Add comment July 26th, 2020 Headsman

Andrew of Phu Yen, the Catholic protomartyr of Vietnam, was executed on this date in 1644 at Ke Cham.

Baptized with his mother in 1641 by French missionary Alexandre de Rhodes, our man Andrew was only 19 years old at the time of his protomartyrdom.

Vietnam in this period was amid a long-running civil war that divided the country north and south; according to de Rhodes’s memoirs — Francophones can read it from chapter XXXII of his Voyages et missions du père Alexandre de Rhodes de la Compagnie de Jésus en la Chine et autres royaumes de l’Orient — a mandarin named Ong Nghe Bo showed up intent on suppressing Christian proselytization after (so he says) de Rhodes owned the local Buddhist monks in scholarly debate. This guy basically grabbed Andrew as the first available Christian convert to make an example of — right or wrong place at right or wrong time, depending on your perspective on eternal salvation. The French Jesuit would soon be expelled from the country but he was able to minister to his young charge in prison and accompany him to the execution grounds.

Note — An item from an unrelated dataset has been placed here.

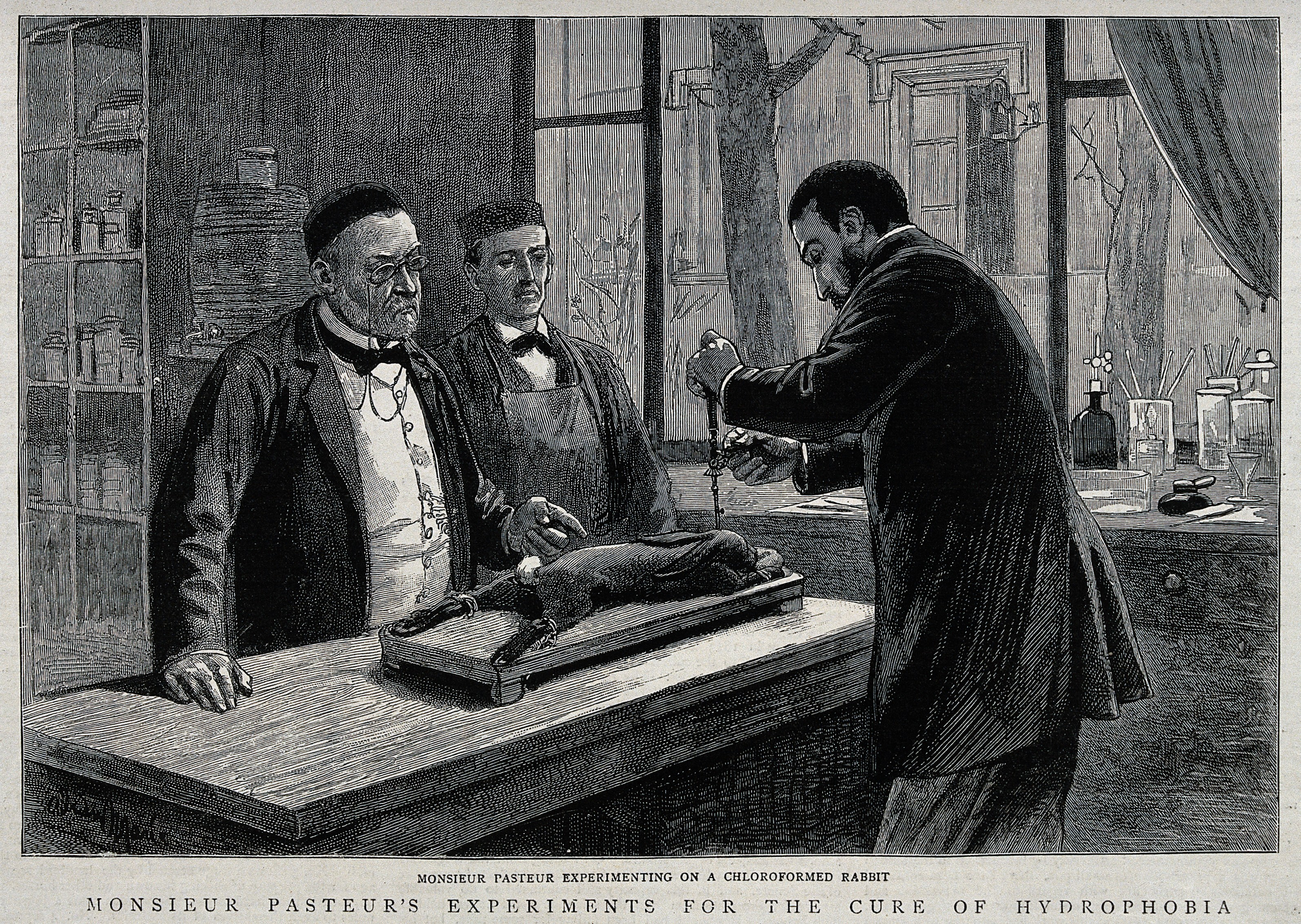 Louis Pasteur injecting rabies virus into a rabbit's brain, watched by two assistants. Iconographic Collections Keywords: Louis Pasteur

The soldiers surrounded him; they had put me out of their circle, but the captain allowed me to enter and stand beside him. He was thus on his knees on the ground, his eyes raised to the sky, his mouth still open, and pronouncing the name of Jesus. A soldier coming from behind pierced him with his spear which came out his front by the distance of at least two palms’ breadth; when the good André looked at me peacefully, as if saying goodbye; I told him to look at the sky, where he was going to enter. Our Lord Jesus Christ was waiting for him. He lifted up his eyes and did not turn them aside; the same soldier, having withdrawn his spear, transfixed him a second time, seeking the heart. This scarcely shook the poor innocent, which seemed to me quite admirable. Finally, another soldier seeing these blows had not knocked him down to the ground, attempted a death-stroke against his neck, but still not having killed him, he assailed him again at his throat. I heard very clearly that at the same time as the head was separated from the neck, the sacred name of Jesus which could no longer come out of his mouth, came out through his wound, and at the same time that the soul flew to the sky the body fell to the ground.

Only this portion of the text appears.